I have 2 appliances A and B.

Detailed step by step instructions to reproduce the problem

I have 2 appliances, A and B. The share [appliance A’s ID]_SHARE_Lan_1/SHARE_Lan_1_1_replication_1 appeared twice on B, apparently replicated from A. I have deleted one, but the second is unmounted and cannot be deleted, apparently because the file system is read-only and the i attribute is set. Running lsattr as root reveals no attributes at all; chattr -i returns “read only” as in the GUI.

SHARE_Lan_1 exists on appliance A and is scheduled to replicate to B. It is also scheduled for snapshots on A. It contains one text file, called Test.

The replication occurred twice, at 11.00pm yesterday and 3.42 this morning (as I was testing, I had changed the scheduled time after the first run).

At 11.00pm the Share appeared on B as [appliance A’s ID]_SHARE_Lan_1/SHARE_Lan_1_1_replication_1, but without the Test file.

At 3.42am the Share appeared again on B, as [appliance A’s ID]_SHARE_Lan_1/SHARE_Lan_1_1_replication_2. I didn’t look to see whether the Test file was inside. At the same time [appliance A’s ID]_SHARE_Lan_1

At the same time SHARE_Lan_1_1_replication_1 appeared as a second share, though this time apparently in the snapshots folder: snapshots are not scheduled on appliance B and [appliance A’s ID]_SHARE_Lan_1/SHARE_Lan_1_1_replication_1 does not appear in the ‘Snapshots’ tab on B.

Thinking to start afresh, I removed all SAMBA exports on B, then deleted all shares from B until I came to [appliance A’s ID]_SHARE_Lan_1/SHARE_Lan_1_1_replication_1. As you will see, it will not delete, apparently because the immutable tag is set.

Web-UI screenshot

I can’t post the screenshot, as it reveals applicance A’s ID. However the error text reads:
Houston, we’ve had a problem.
Failed to delete the share (.snapshots/[appliance A’s ID]_SHARE_Lan_1/SHARE_Lan_1_1_replication_1). Error from the OS: Error running a command. cmd = /usr/bin/chattr -i /mnt2/Pool1/.snapshots/[appliance A’s ID]_SHARE_Lan_1/SHARE_Lan_1_1_replication_1. rc = 1. stdout = [‘’]. stderr = [‘/usr/bin/chattr: Read-only file system while setting flags on /mnt2/Pool1/.snapshots/[appliance A’s ID]_SHARE_Lan_1/SHARE_Lan_1_1_replication_1’, ‘’]

Error Traceback provided on the Web-UI

Traceback (most recent call last): File "/opt/rockstor/src/rockstor/storageadmin/views/share.py", line 381, in delete remove_share(share.pool, share.subvol_name, share.pqgroup, force=force) File "/opt/rockstor/src/rockstor/fs/btrfs.py", line 1179, in remove_share toggle_path_rw(subvol_mnt_pt, rw=True) File "/opt/rockstor/src/rockstor/system/osi.py", line 676, in toggle_path_rw return run_command([CHATTR, attr, path]) File "/opt/rockstor/src/rockstor/system/osi.py", line 246, in run_command raise CommandException(cmd, out, err, rc) CommandException: Error running a command. cmd = /usr/bin/chattr -i /mnt2/Pool1/.snapshots/[appliance A's ID]_SHARE_Lan_1/SHARE_Lan_1_1_replication_1. rc = 1. stdout = ['']. stderr = ['/usr/bin/chattr: Read-only file system while setting flags on /mnt2/Pool1/.snapshots/[appliance A's ID]_SHARE_Lan_1/SHARE_Lan_1_1_replication_1', '']

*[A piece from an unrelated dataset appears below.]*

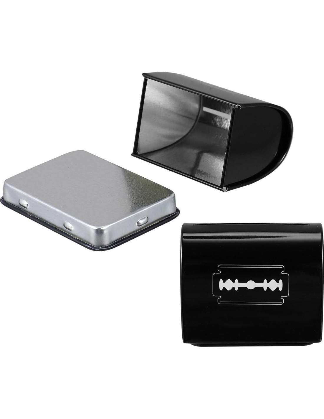 Descripción Hecho de material de hierro premium, nuestro contenedor es resistente y ligero. Diseñado para la eliminación segura y conveniente de cuchillas de afeitar usadas. Tiene un fondo removible para vaciar el almacenamiento de cuchillas, se puede reutilizar múltiples veces. Características - Color: Negro. - Material: Hierro. - Tamaño: 6.50X4.50X6.00 cm (2.55X1.77X2.36 pulgadas). - Contenedor de almacenamiento para cuchillas de afeitar usadas, en lugar de cuchillas expuestas en todas partes, más seguro y conveniente. - El dispensador de cuchillas ahorra espacio y es ligero. - Hecho de material de hierro premium, es duradero, resistente al desgaste y práctico. - Adecuado para desechar objetos afilados, incluidos aquellos contaminados con productos medicinales y sus residuos. - Diseño universal para todo tipo de cuchillas de afeitar de doble filo y cuchillas de grado de barbería. Paquete Incluyendo 2 x cajas

Thanks for any help you can give.

@john_H Welcome to the Rockstor community forum.
Re:

The replication service is in need of documentation. In total, from memory, I think it takes 5 replication events for it to settle into a stable state. This is because it keeps the last 3 snapshots and only starts cleaning up once these 3 snapshots exist on both the sender and the receiver. In the early stages there is a strange (read Web-UI miss-interpreted) share that after a while is auto-removed. It may well be that you have miss-interpreted this share and intervened by-hand in a process that is still ‘in-process’.

To get familiar with the whole procedure: try setting up a small share with, as you have done, a small amount of data and do a rapid scheduling of say once every 5 minutes. Assuming 5 mins is enough for the transfer. That way you get to see the whole process and it should then make more sense. Our replication system is based around btrfs send-receive and it require ro snapshots that must then be compared to prior state in order that only the changes are sent over. We have our own wrapper around btrfs send/receive in order that we can report on the procedure and add things like the multiple snapshot history.

The last work we did on this sub-system was to update it to our new Python, and to take account of changes in zmq that we use to send / receive stdout/stdin between the sender and the receiver.

I know this doesn’t answer your question entirely but the above PR has some pics on what to expect and without doc it is not appreciated on first use that there is a settle period that has likely thrown your interpretation of it’s normal function. We do still have a weakness, inherited from the base mechanism of btrfs send/receive where network failure requires a reset of sorts. Usually a delete of the last sending snapshot.

Let us know how you get on with further experimentation. Our wrapper has the potential to work-around / mitigate said weaknesses re intermittent network - but alas we need to attract more developers to become familiar and contribute for this potential to be realised. But on last testing, in referenced pull request, we were functioning in latest testing as per prior stable.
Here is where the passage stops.